The Illusion of Progress is the sixth studio album by American rock band Staind. It was released on August 19, 2008. The Illusion of Progress was produced by Johnny K and recorded in lead singer Aaron Lewis's home studio. It debuted at No. 3 in the Billboard 200 with 91,800 units sold.

The lead single "Believe" topped the Alternative Songs chart on September 13, 2008. It accumulated three weeks at number one. The second single was "All I Want", and was released on November 24. The video continued the story of the first single video and was available on Staind's Myspace on December 12. In Europe the second single was "The Way I Am", and its video was available on the official Staind website as of December 24. "This Is It" was later released as the last single off the album. The album has sold over 318,000 units in the United States alone.

Lewis recorded a country version of the album’s ninth track "Tangled Up in You" on his 2011 solo EP Town Line.

Sound
Lewis commented, "We went into the studio with the mindset of making our heaviest record yet, but the record that came out has flavors of Pink Floyd and straight-up blues. We didn't use the same rigs that we use onstage; we used all vintage guitars and amps, and I'm pretty psyched about it.  The songs are pretty timeless in their texture." The band calls the new project the "most musical CD" they've recorded to date.

Promotion
To promote the album, Staind treated their fans to a series of intimate, behind-the-scenes "webisodes" posted on staind.com, documenting their recording process. Staind also premiered the song "Believe" worldwide on U.S. station KYSR in Los Angeles. Staind also released the song, "This Is It", on iTunes early as a single. "This Is It" was released as a downloadable track for the video game Rock Band on July 29 for the Xbox 360 and July 31 for PlayStation 3. "This Is It" was also featured on the soundtrack for the 2009 film Transformers: Revenge of the Fallen.

Reception
Initial critical response ranged from mixed to average. At Metacritic, which assigns a normalized rating out of 100 to reviews from mainstream critics, the album has received an average score of 53, based on 8 reviews.

Track listing
All lyrics written by Aaron Lewis; all music written and composed by Staind.

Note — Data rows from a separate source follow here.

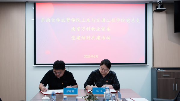 座谈结束后,土木与交通工程学院党总支和南京万科物业党委签署了合作协议。这一协议的签署标志着双方党组织将在共促队伍培养、共享优势资源、共抓阵地建设、共推事业发展等多个领域展开深度合作。双方将充分发挥各自的优势,探索创新党建工作的新模式,为双方党员的成长与发展搭建更广阔的平台。
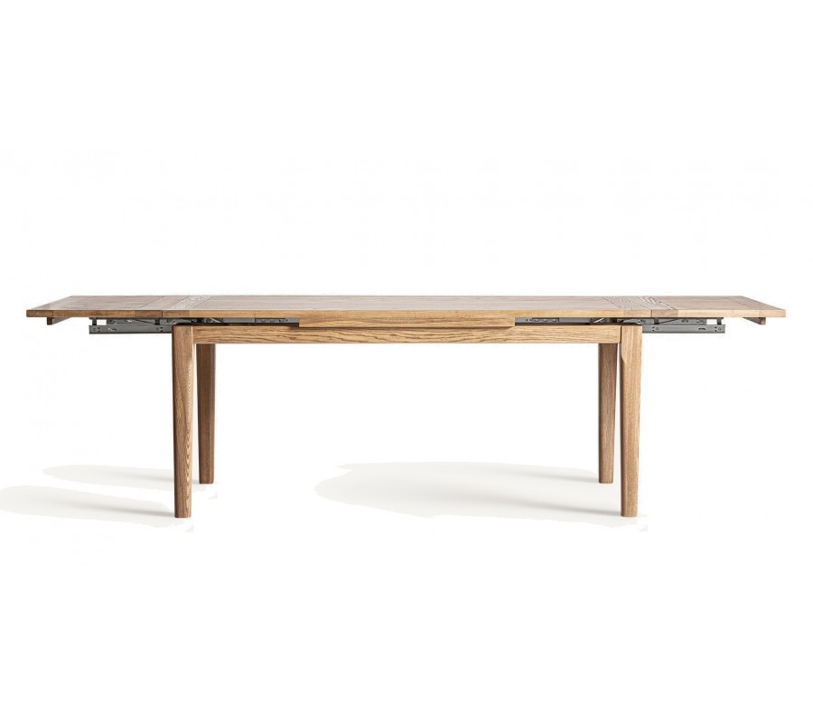 Luxusný rozkladací jedálenský stôl Kolin je dokonalou kombináciou škandinávskeho dizajnu s moderným nádychom. Vyrobený z masívneho jaseňového dreva v prírodnej hnedej farbe, vyniká svojou nadčasovou eleganciou a precíznym spracovaním. Obdĺžnikový tvar a jemne zužujúce sa nožičky, ktoré smerom nadol pôsobia subtílne a vyvážene, dodávajú stolu ľahkosť a sofistikovanosť.
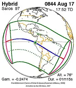 | Langste hybride zonsverduistering | 17 Augustus 844 | 1m 15s | - |

 Note: All other editions with bonus tracks only contain "It's Been A While (Acoustic At The Hiro Ballroom)" and "Schizophrenic Conversations (Acoustic At The Hiro Ballroom)".

 Note: The Japanese edition of The Illusion of Progress lists the two bonus tracks "Something Like Me" and "The Truth" as both recorded live at the Hiro Ballroom. This is incorrect. They are actually the studio versions recorded during the Chapter V album sessions.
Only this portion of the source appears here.